I think you’re right about the Lua/Luup editor wrecking the format of the values being generated, plus I’m perhaps not helping matters by working on various parts of the overall code separately ; so I have been copying things over.

FYI - You can see how the generated values are stored/presented differently (one image is via a print screen using LuaView and the other is writing them as new variables into Vera)

I’m going to try and do as much as I can using the Vera written values, as ultimately that’s where my target for where this code will need to eventually run..

toggledbits

OK, yeah, so big problem, you cannot store binary data in state variables. That is going to fail, 100%. State variables are character strings, and assumed to contain character data, and when they are stored, they are put through UTF-8 encoding and decoding. Your binary data is going to look like Unicode characters to the innards of Luup throwing this stuff around, and anything that isn't a valid codepoint is going to get changed to something else (and boom, data corrupted), while converting it to JSON to store on flash and back, etc.

Store everything in hex or base64.

parkerc

What would I do without you

Ok, so I can still write to a device variable in Vera, I’d just need to encode it first , in either one of those two options. e.g like this if base64?

local function base64_encode(data)
	local b='ABCDEFGHIJKLMNOPQRSTUVWXYZabcdefghijklmnopqrstuvwxyz0123456789+/'
    return ((data:gsub('.', function(x) 
        local r,b='',x:byte()
        for i=8,1,-1 do r=r..(b%2^i-b%2^(i-1)>0 and '1' or '0') end
        return r;
    end)..'0000'):gsub('%d%d%d?%d?%d?%d?', function(x)
        if (#x < 6) then return '' end
        local c=0
        for i=1,6 do c=c+(x:sub(i,i)=='1' and 2^(6-i) or 0) end
        return b:sub(c+1,c+1)
    end)..({ '', '==', '=' })[#data%3+1])
end

local key = string.char(unpack(key_vals)) - - 
local keyEnc = base64_encode(key)
luup.variable_set("urn:nodecentral-net:serviceId:NodeCentral1","key",keyEnc, 1187)

toggledbits

It's easier than that in Luup...

local mime = require("mime")
local encoded = mime.b64( "Hello world!" );
local decoded = mime.unb64( encoded );
luup.log( decoded, 2 )

parkerc

Awesome, thanks - I often forget what’s already there in luup.. !

Also am I right in saying that i only need to enc/dec in hex or base64 if I’m planning to store (read/write) those values/variables, if I can keep them ‘active; and flowing within the code itself (in memory) then, I’m ok ?

toggledbits

Yes, in memory is fine.
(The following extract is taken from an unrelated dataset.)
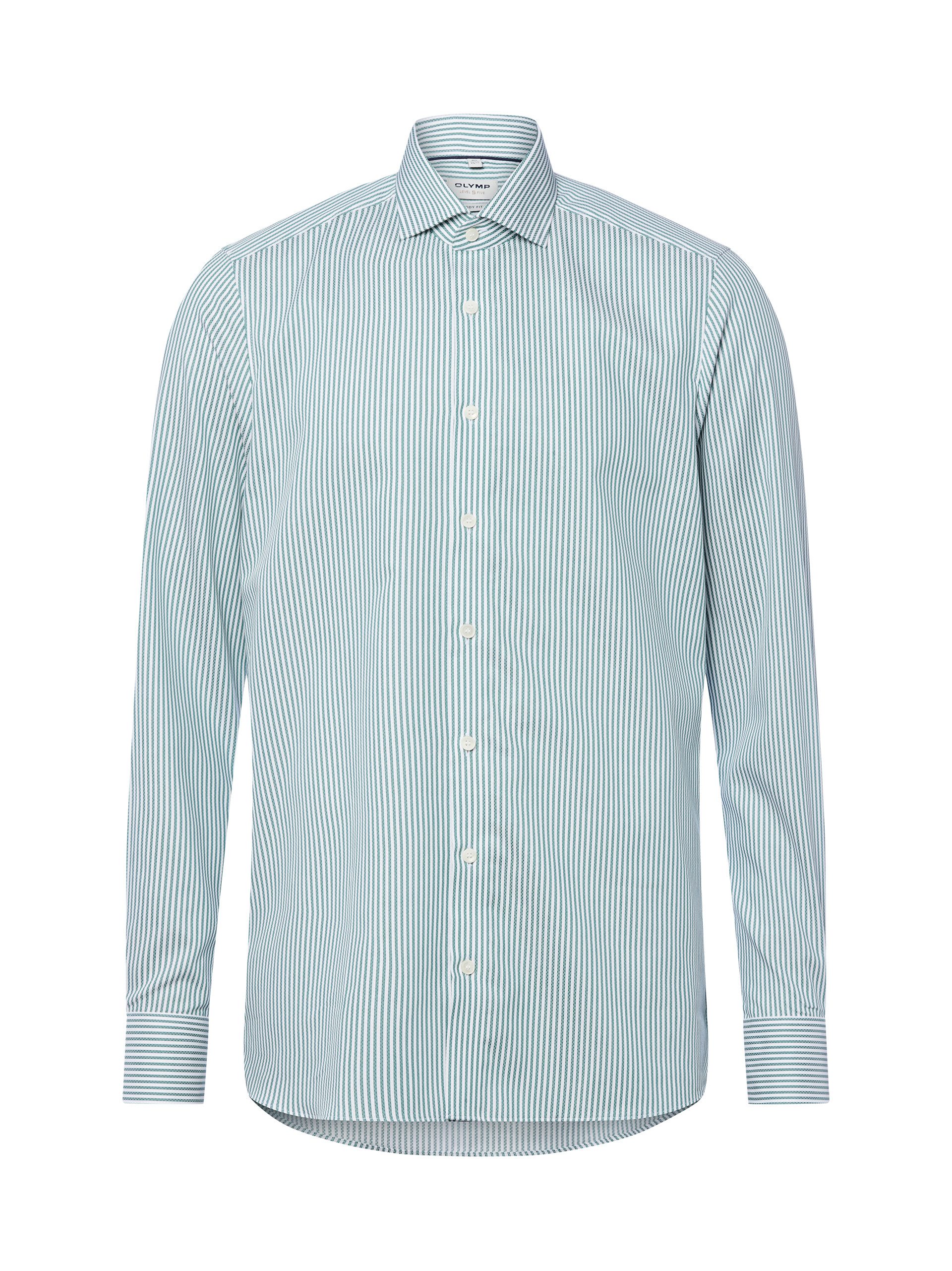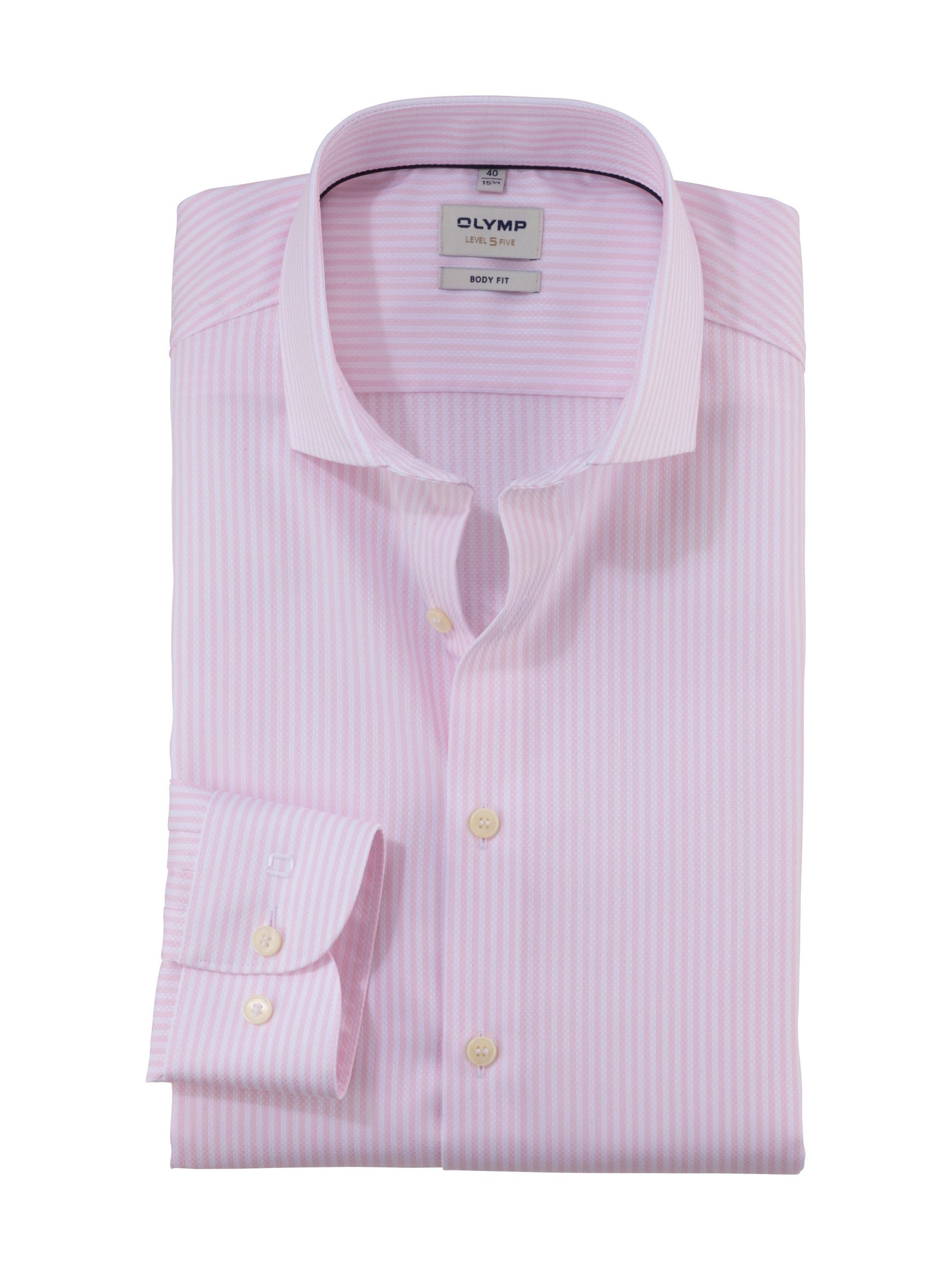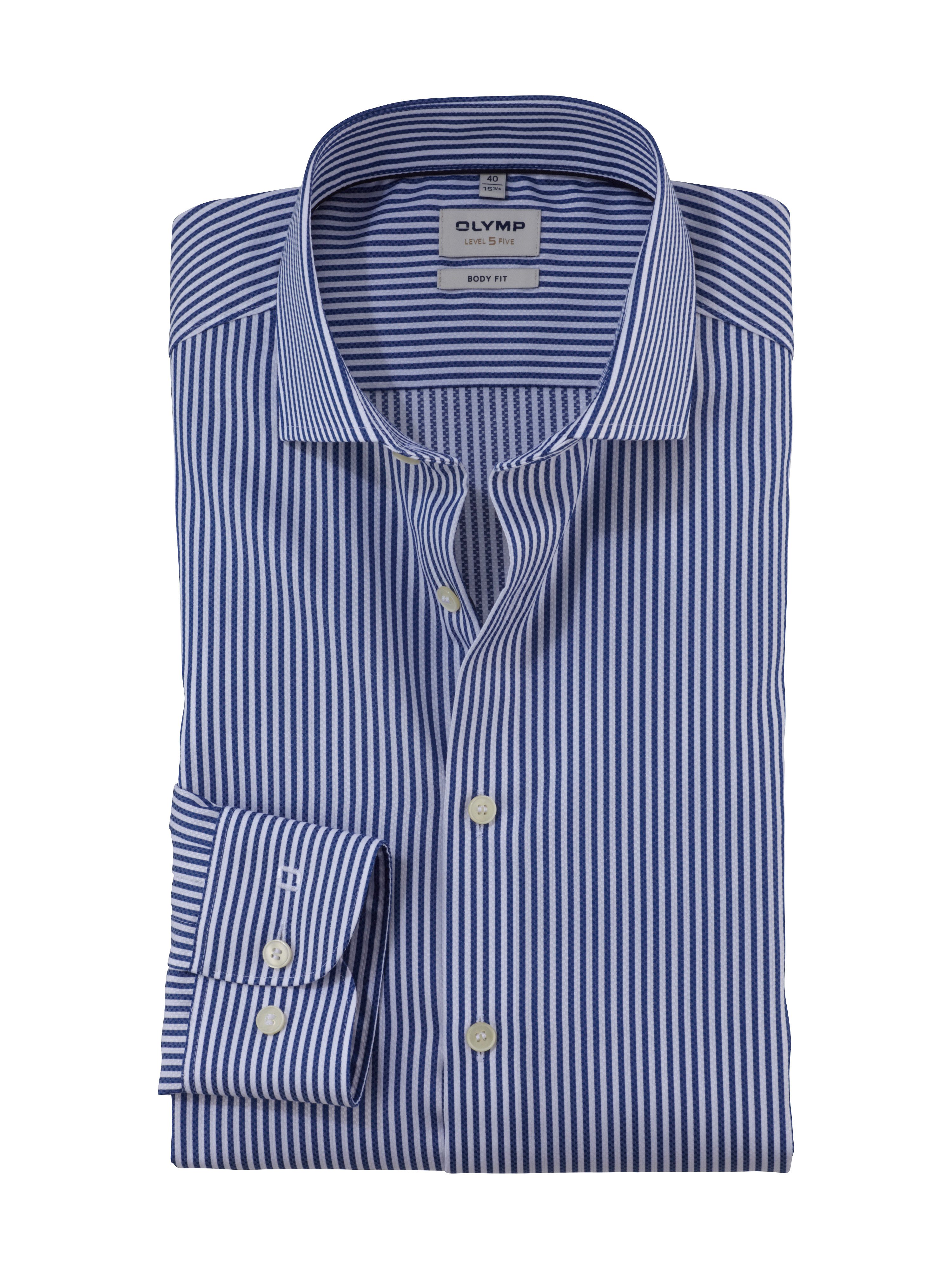 Fühl Dich Großartig in Deinem Neuen Streifenhemd!Stil trifft auf Komfort mit dem Body-Fit Hemd von OLYMP. Dieses Businesshemd ist nicht nur ein optischer Hingucker, sondern überzeugt auch durch seine hochwertige Verarbeitung. Gefertigt aus 100% Baumwolle, bietet es dir den ganzen Tag über ein angenehmes Tragegefühl, ohne dass du auf Eleganz verzichten musst.Perfekte Passform, die sich Deinem Stil anpasstDas OLYMP Level Five Hemd ist speziell für eine körpernahe Passform designt, die deine Figur optimal zur Geltung bringt. Der moderne Royal Kent-Kragen verleiht eine edle Note, während das zeitlose Streifenmuster dem Hemd eine dynamische Ausstrahlung verleiht. Egal ob für das Büro oder einen besonderen Anlass, dieses Hemd zieht die Blicke auf sich.Ein Hauch von Luxus für Deinen AlltagDie langen Ärmel und die glatte Textur der Baumwolle sorgen dafür, dass du dich den ganzen Tag wohl fühlst und gleichzeitig professionell aussiehst. Die Qualität und die sorgfältige Verarbeitung des Stoffes garantieren, dass du lange Freude an diesem Hemd haben wirst. Es ist nicht nur ein Kleidungsstück, sondern ein Statement, das Selbstbewusstsein und Stil ausstrahlt.Warum dieses Hemd ein Must-Have ist 100% hochwertige Baumwolle für maximalen Komfort Body-Fit Schnitt, der deine Figur betont Elegantes Streifenmuster und stilvoller Kent-Kragen Ideal für Business und besondere Anlässe Langlebig und pflegeleichtVerleihe deinem Kleiderschrank ein Upgrade mit dem Body-Fit Hemd von OLYMP. Fühle dich den ganzen Tag über frisch und selbstbewusst. Dieses Hemd ist nicht nur ein Kleidungsstück, es ist eine Investition in deinen Stil.

So for example, you may generate IV from random numbers byte by byte, put it through b64 or hex before storing it on a state variable. For openssl, you'll be giving key and IV in hex, so that seems a sensible way to keep it. Once it's converted to hex, you'll never need to reverse that, since it can be stored in a state variable as hex, and can be handed directly to openssl as hex.

parkerc

This time round, I seem to have generated some new hex values this time, which I’ve used in a io.popen openssl command, feels a bit better, but sadly not quite yet right (yet).. FYI

openssl enc -aes-128-cbc -nosalt -e -a -A -in etc/payload.txt -K 'enNIQi9wNmYxd1RDUXMvNHJhdHNGZz09' -iv 'B6B1919A88C696AE87A692B1BBADCE9B' -out etc/payload2.txt
non-hex digit
invalid hex key value

toggledbits

Well the key you show is definitely not hex, because 16 bytes of hex should be 32 characters long with only 0-9, A-F. Looks like you have base64 for the key, not hex.

parkerc

Progress at last ! well I’ve at least got the key and iv in the correct hex format for the OpenSSL aes cbc encryption command to work.🥳

Which leads me on to the next part, where the output of the above is referred to as the ciphertext;, of which I now need to do the following with..
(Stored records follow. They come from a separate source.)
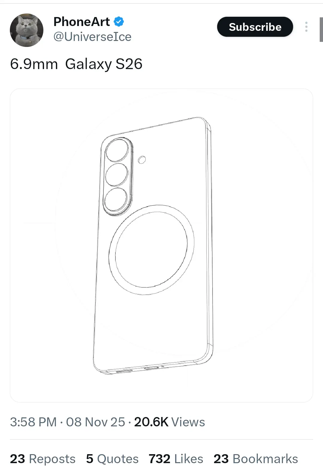 افشاگر معروف، UniverseIce@، تصویری را به اشتراک گذاشته که ادعا می‌کند دیاگرام مدل پایه گلکسی S26 است. این افشاگر که معمولاً قابل اعتماد است، ادعا می‌کند که این گوشی آینده سامسونگ تنها ۶.۹ میلی‌متر ضخامت دارد.
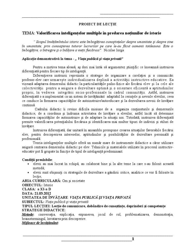 Proiect Didactic Bazat Pe Instruire Diferentiata
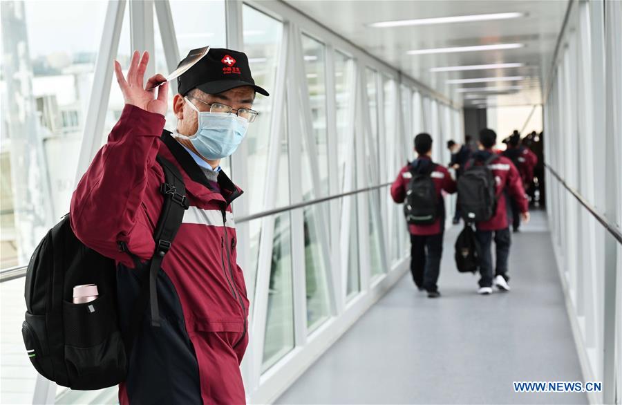 FUZHOU, March 25 (Xinhua) -- A team of 14 medical experts from east China's Fujian Province departed on a chartered flight to Italy on Wednesday morning to aid the European country's fight against the COVID-19 outbreak.
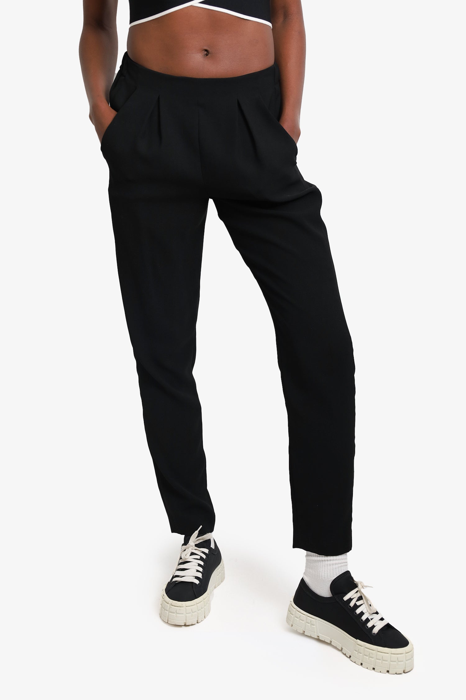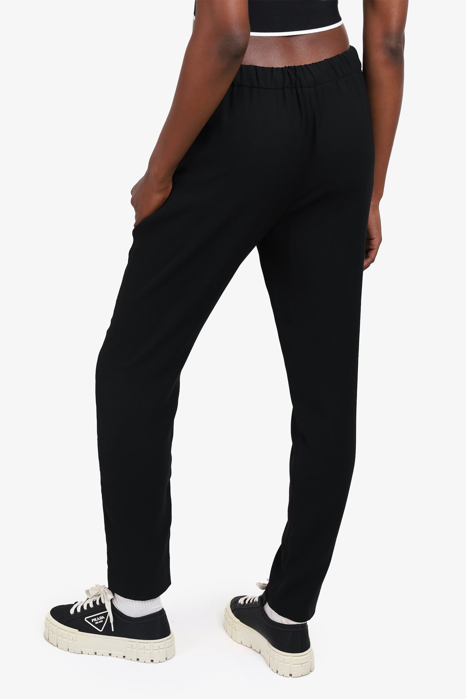 Refresh availabilityFendi Black Straight Leg Trousers. Pull on. Cinched waistline on back. 2 front slip pockets. Unlined. Tonal stitching.

  ciphertext = MyopensslAEScbcCall()
  sig = encdec.hmacsha256(ciphertext, hmac_key, true)
  encrypted_payload = encdec.base64enc(ciphertext .. sig)
  return encrypted_payload

hmacsha256 seems to be next, and it might also be something I could do with OpenSSL too ? -> https://unix.stackexchange.com/questions/610039/how-to-do-hmacsha256-using-openssl-from-terminal ?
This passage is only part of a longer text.